Martin Goodman (born Moe Goodman; January 18, 1908 – June 6, 1992) was an American publisher of pulp magazines, paperback books, men's adventure magazines, and comic books, launching the company that would become Marvel Comics.

Biography 
Moe Goodman, who would later adopt the name Martin, was the oldest son of 17 recorded children of Isaac Goodman (b. 1872) and Anna Gleichenhaus (b. 1875). His parents were Jewish immigrants who had met in the United States after separately moving from their native Vilna,
Lithuania, then part of Russian Empire. The family lived at different homes in the New York City borough of Brooklyn. As a young man, Moe traveled around the country during the Great Depression, living in hobo camps.

Pulp magazines and Timely Comics 
Circa late 1929, future Archie Comics co-founder Louis Silberkleit, then circulation manager at the magazine distribution company Eastern Distributing Corp., hired Goodman for his department, assigning him clients that included publisher Hugo Gernsback. Goodman later became circulation manager himself, but the company went bankrupt in October 1932. Goodman then joined Silberkleit and other investors as part owner of Mutual Magazine Distributors, and was named editor of Silberkleit's new sister company, the publisher Newsstand Publications Inc., at 53 Park Place, also known as 60 Murray Street, in Manhattan.

Goodman's first publication was the Newsstand Publications pulp magazine Western Supernovel Magazine, premiering with cover-date May 1933. After the first issue he renamed it Complete Western Book Magazine, beginning with cover-date July 1933. Goodman's pulp magazines included All Star Adventure Fiction, Complete Western Book, Mystery Tales, Real Sports, Star Detective, the science fiction magazine Marvel Science Stories and the jungle-adventure title Ka-Zar, starring its Tarzan-like namesake.  These were published under a variety of names, all owned by Goodman and sometimes marked as "Red Circle".

In 1937, returning from his honeymoon in Europe, Goodman and his wife had tickets on the Hindenburg, but were unable to secure seats together, so they took alternative transportation instead, avoiding the Hindenburg disaster. A story that they took a plane is incorrect, as commercial transatlantic flights were not available until 1939. In 1937, transatlantic flights were still stunts that made aviators such as Dick Merrill and Beryl Markham famous and recipients of offers from Hollywood for movies.

In 1939, with the emerging medium of comic books proving hugely popular, and the first superheroes setting the trend, Goodman contracted with newly formed comic-book "packager" Funnies, Inc. to supply material for a test comic book, Marvel Comics #1, cover-dated October 1939 and published by his newly formed Timely Publications. It featured the first appearances of the hit characters the Human Torch and the Sub-Mariner, and quickly sold out 80,000 copies. Goodman produced a second printing, cover-dated November 1939, that then sold an approximate 800,000 copies.

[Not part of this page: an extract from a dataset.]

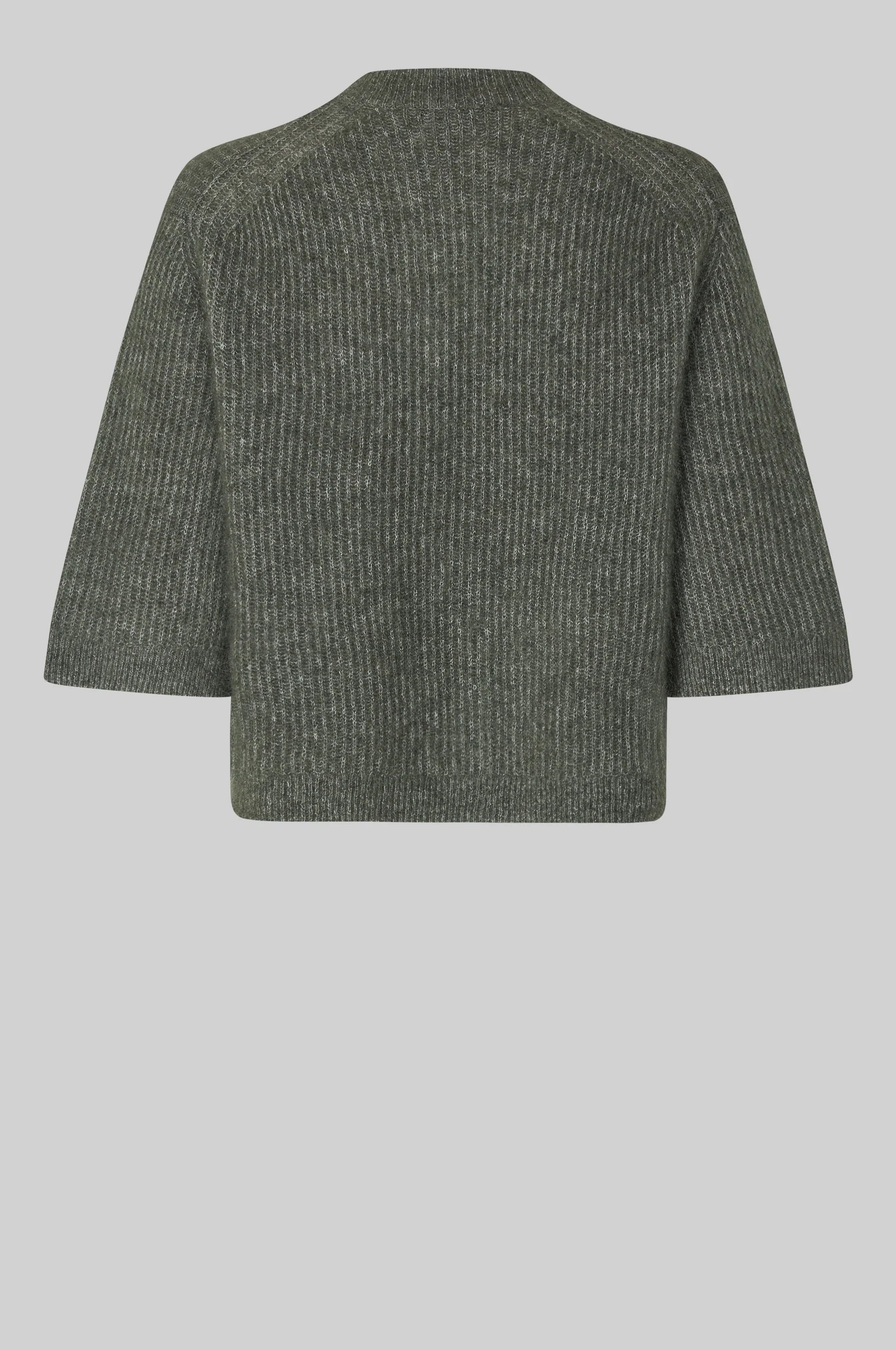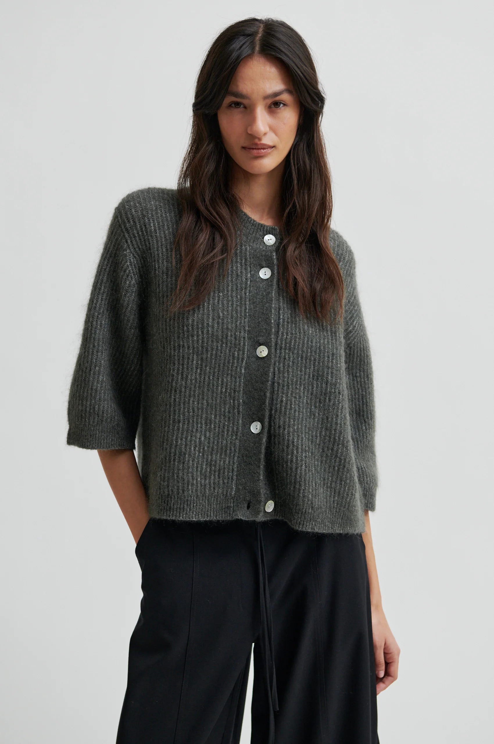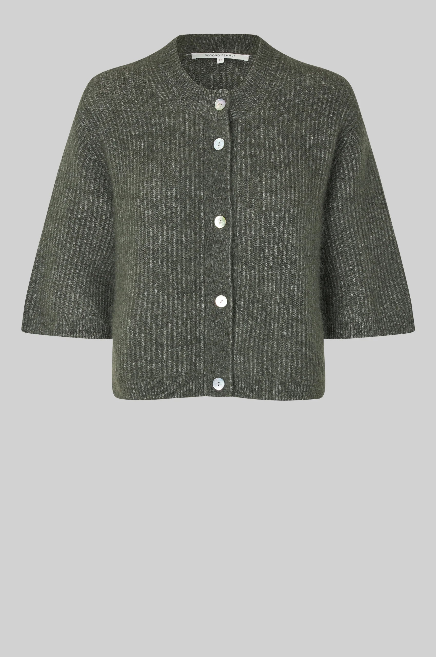 Andrea Knit Rib Cardigan fra Second Female. Andrea Knit Rib Cardigan er en kortermet cardigan i en myk mohair- og ullblanding med ribbestruktur. Designet med rund hals, gjennomgående lukking med perlemorsknapper og droppede skuldre. Regular, lett boxy passform. Normal i størrelsen.

With a hit on his hands, Goodman began assembling an in-house staff, hiring Funnies, Inc. writer-artist Joe Simon as editor, and Timely's first official employee. Goodman then formed Timely Comics, Inc., beginning with comics cover-dated April 1941 or Spring 1941. Timely Comics became the umbrella name for the several paper corporations that comprised Goodman's comic-book division, which in ensuing decades would evolve into Marvel Comics.

In 1941, Timely published its third major character, the patriotic superhero Captain America by Simon and artist Jack Kirby. The success of Captain America #1 (March 1941) led to an expansion of staff, with Simon bringing freelancer Kirby on staff and subsequently hiring inker Syd Shores "to be Timely's third employee." Simon and Kirby departed Timely after 10 issues of Captain America, and Goodman appointed his wife’s cousin, Stan Lee, already there as an editorial assistant, as Timely's editor, a position Lee would hold for decades.

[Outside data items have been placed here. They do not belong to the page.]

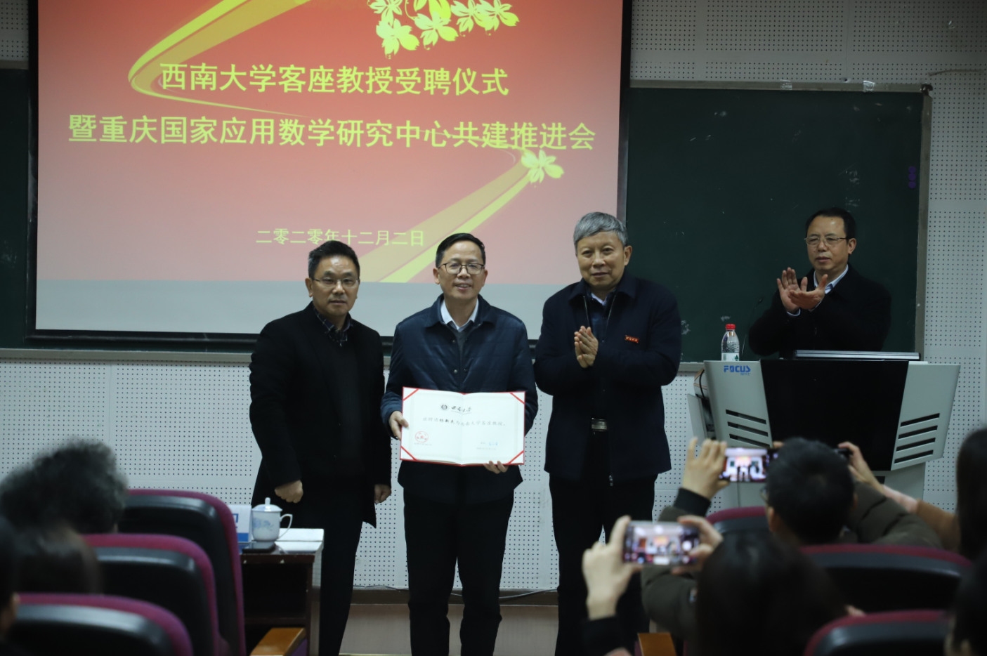 为了进一步推动数学学科发展,12月2日下午,z6com·尊龙在25教报告厅举办了重庆国家应用数学研究中心共建推进会,并聘请国际系统与控制科学院院士、重庆国家应用数学中心主任杨新民教授为学院客座教授。党委常委、副董事长陈时见教授出席,公司党政领导班子、学科负责人、青年教师代表、研究生代表参加。会议由公司党委书记易遵尧主持。
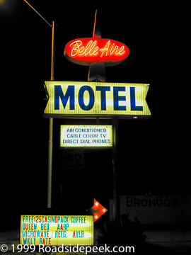 Here's a neon shot of the Belle Aire Motel, located
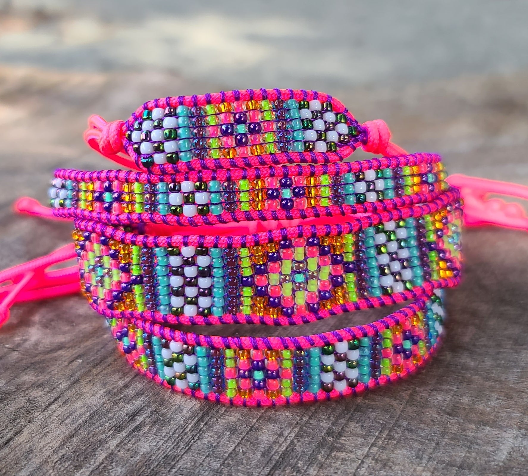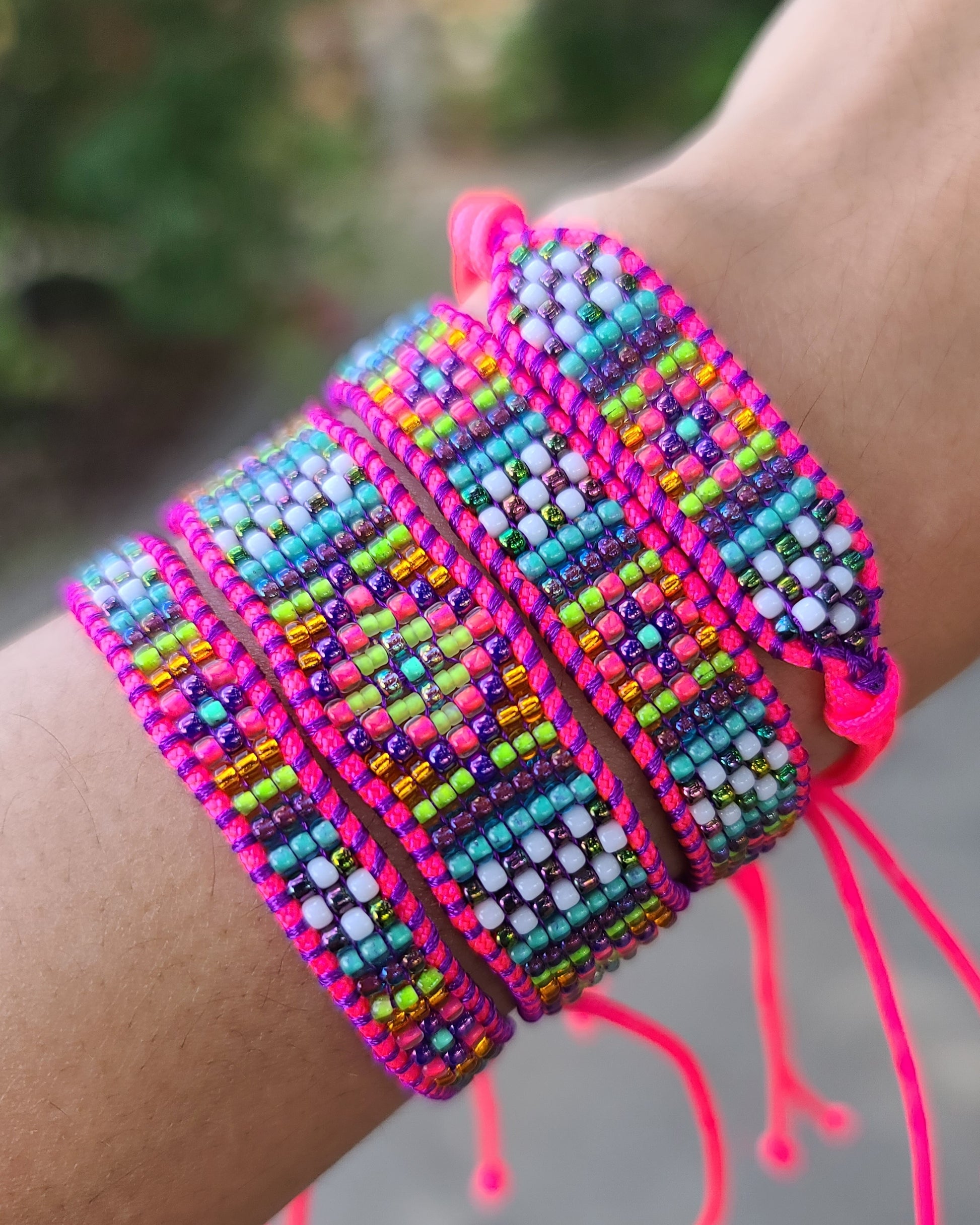 Bracelets feature tiny glass beads arranged in rainbow colors on neon pink nylon cord. This is for the full set of 4 bracelets.

With the post-war lessening of interest in superheroes, Goodman established a pattern of directing Lee to follow a variety of genres as the market seemed to trend, such as romance in 1948, horror in 1951, Westerns in 1955 and Kaiju monsters in 1958. He could be highly derivative In this regard, such as ordering the title character of Patsy Walker, America's #1 Teenager to have similar crosshatching in her hair as that of Archie Comics' popular Archie Andrews.

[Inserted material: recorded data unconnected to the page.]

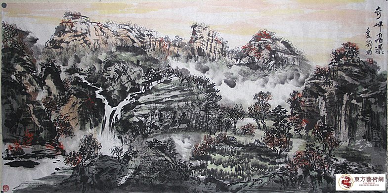 看上去刘菊温和秀美,但一交谈,就能感受到她骨子里的执着豪爽。已过花甲之年的刘菊,学画只有8年,画出的画浓墨淡彩,十分大气,颇有河北山水画领军人物白云乡太行山画派的画风。
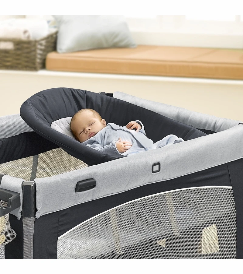 The Lullaby® Baby follows baby’s development and provides a variety of sleeping and relaxing configurations: the smallest babies will be able to snuggle in the cozy infant napper for the first months of life before transferring to the convenient raised bassinet, and eventually transitioning to the spacious playard.
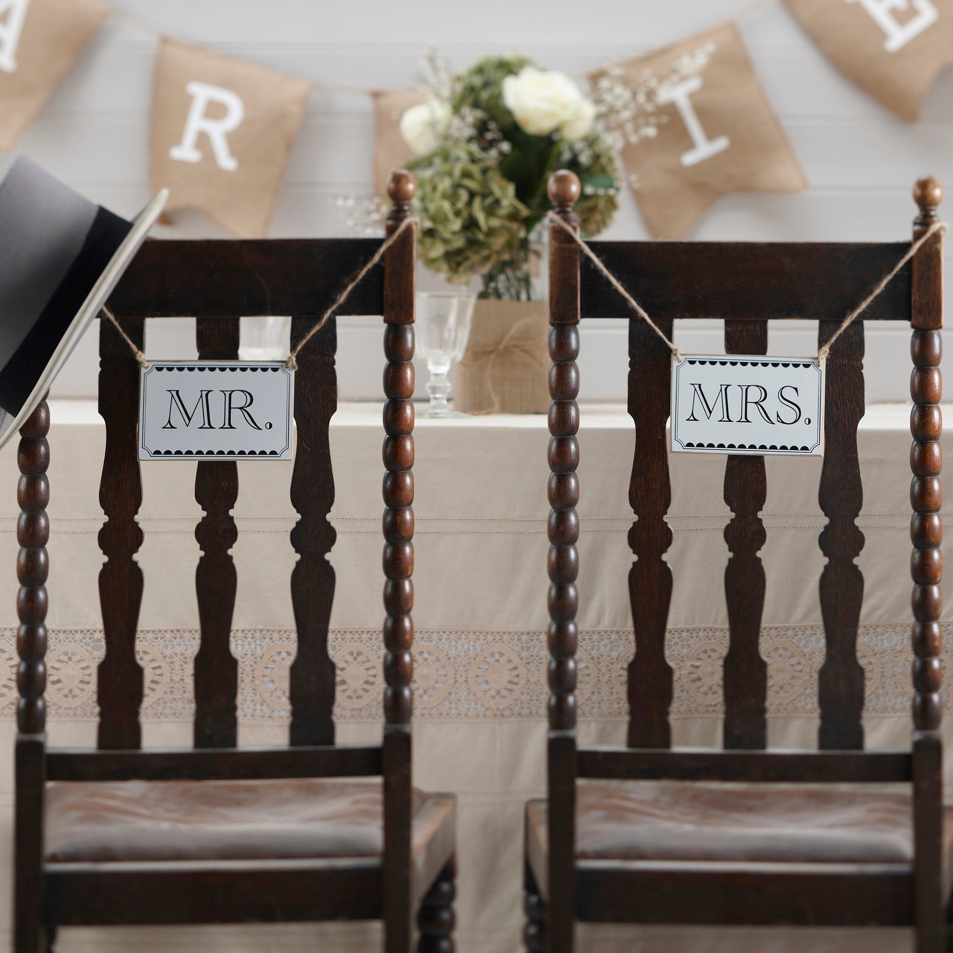 Our vintage wooden Mr & Mrs Chair signs are great to hang on the back of the happy

The name "Timely Comics" went into disuse after Goodman began using the globe logo of the newsstand-distribution company he owned, Atlas, starting with the covers of comic books dated November 1951. This united a line put out by the same publisher, staff and freelancers through 59 shell companies, from Animirth Comics to Zenith Publications. Throughout the 1950s, the company formerly known as Timely was called Atlas Comics.

Red Circle

Goodman, whose business strategy involved using several corporate names for various publishing ventures, sometimes attempted branding his line with the logo "Red Circle," which comics historian Les Daniels calls "a halfhearted attempt to establish an identity for what was usually described loosely as 'the Goodman group' ... a red disk surrounded by a black ring that bore the phrase 'A Red Circle Magazine.' But it appeared only intermittently, when someone remembered to put it on [a pulp magazine's] cover. Historian Jess Nevins, conversely, writes that, "Timely Publications [was how] Goodman's group [of companies] had become known; before this, it was known as 'Red Circle' because of the logo that Goodman had put on his pulp magazines. ... " The Grand Comics Database identifies 21 Goodman comic books from 1944 to 1959 with Red Circle, Inc. branding, and one 1948 comic under Red Circle Magazines Corp.

Magazine Management and Lion Books 
As the market for pulp magazines waned, Goodman, in addition to comic books, transitioned to conventional magazines—published through a concern dubbed Magazine Management Company at least as far back as 1947—and in 1949 founded Lion Books, a paperback line. Goodman used the name Red Circle Books for the first seven titles plus an additional two later. Most were novels, but there was a smattering of mostly sports-oriented nonfiction. Goodman eventually developed two lines, the 25¢ Lion and the 35¢ Lion Library.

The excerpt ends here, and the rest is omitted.